Track down each line below containing the string "Foot" and copy it.

(Data entries)
□ □ □

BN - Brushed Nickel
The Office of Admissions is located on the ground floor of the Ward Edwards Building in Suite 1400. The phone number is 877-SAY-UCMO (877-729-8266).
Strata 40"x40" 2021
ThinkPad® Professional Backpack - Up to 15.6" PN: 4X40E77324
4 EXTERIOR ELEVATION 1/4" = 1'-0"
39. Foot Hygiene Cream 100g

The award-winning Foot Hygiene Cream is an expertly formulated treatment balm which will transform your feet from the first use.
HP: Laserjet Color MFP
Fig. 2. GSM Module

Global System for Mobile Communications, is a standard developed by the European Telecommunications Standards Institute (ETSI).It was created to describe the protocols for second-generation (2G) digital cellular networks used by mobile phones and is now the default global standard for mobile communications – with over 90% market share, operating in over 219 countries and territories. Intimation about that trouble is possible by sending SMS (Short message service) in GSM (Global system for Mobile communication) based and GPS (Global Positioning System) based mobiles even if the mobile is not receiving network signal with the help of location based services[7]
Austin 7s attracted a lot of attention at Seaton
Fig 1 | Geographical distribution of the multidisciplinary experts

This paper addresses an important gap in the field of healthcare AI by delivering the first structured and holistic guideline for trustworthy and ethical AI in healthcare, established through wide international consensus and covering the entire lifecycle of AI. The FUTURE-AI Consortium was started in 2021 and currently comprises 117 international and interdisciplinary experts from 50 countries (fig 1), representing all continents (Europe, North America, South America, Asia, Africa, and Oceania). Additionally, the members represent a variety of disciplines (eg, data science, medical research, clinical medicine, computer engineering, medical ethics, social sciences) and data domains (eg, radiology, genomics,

□ □ □

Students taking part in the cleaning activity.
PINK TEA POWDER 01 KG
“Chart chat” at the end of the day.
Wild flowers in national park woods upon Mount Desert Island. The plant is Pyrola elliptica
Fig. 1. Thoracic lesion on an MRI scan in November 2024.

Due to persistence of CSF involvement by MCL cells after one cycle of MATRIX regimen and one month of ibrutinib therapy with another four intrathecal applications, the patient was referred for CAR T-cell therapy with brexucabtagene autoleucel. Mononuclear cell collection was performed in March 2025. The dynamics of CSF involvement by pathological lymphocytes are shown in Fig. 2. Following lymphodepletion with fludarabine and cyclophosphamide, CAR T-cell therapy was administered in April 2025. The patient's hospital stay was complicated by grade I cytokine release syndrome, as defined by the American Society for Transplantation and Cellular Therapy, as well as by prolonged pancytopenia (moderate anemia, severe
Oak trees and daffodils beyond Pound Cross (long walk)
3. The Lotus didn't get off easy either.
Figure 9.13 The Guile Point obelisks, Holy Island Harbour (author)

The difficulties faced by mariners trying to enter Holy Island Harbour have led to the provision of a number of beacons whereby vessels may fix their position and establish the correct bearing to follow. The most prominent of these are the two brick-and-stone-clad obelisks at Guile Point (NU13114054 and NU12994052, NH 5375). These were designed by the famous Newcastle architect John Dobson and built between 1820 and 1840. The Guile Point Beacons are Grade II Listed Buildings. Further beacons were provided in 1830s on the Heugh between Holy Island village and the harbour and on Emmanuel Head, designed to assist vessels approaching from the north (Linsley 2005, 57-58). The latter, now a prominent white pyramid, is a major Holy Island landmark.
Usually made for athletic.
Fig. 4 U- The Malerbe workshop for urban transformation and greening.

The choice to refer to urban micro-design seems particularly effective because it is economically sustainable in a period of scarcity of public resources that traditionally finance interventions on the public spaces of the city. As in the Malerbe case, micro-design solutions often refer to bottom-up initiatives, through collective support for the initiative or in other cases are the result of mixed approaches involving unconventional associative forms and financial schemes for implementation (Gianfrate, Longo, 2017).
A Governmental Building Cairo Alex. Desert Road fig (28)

□ □ □

OUTPUT FOR THIS EXERCISE
39. Foot Hygiene Cream 100g
The award-winning Foot Hygiene Cream is an expertly formulated treatment balm which will transform your feet from the first use.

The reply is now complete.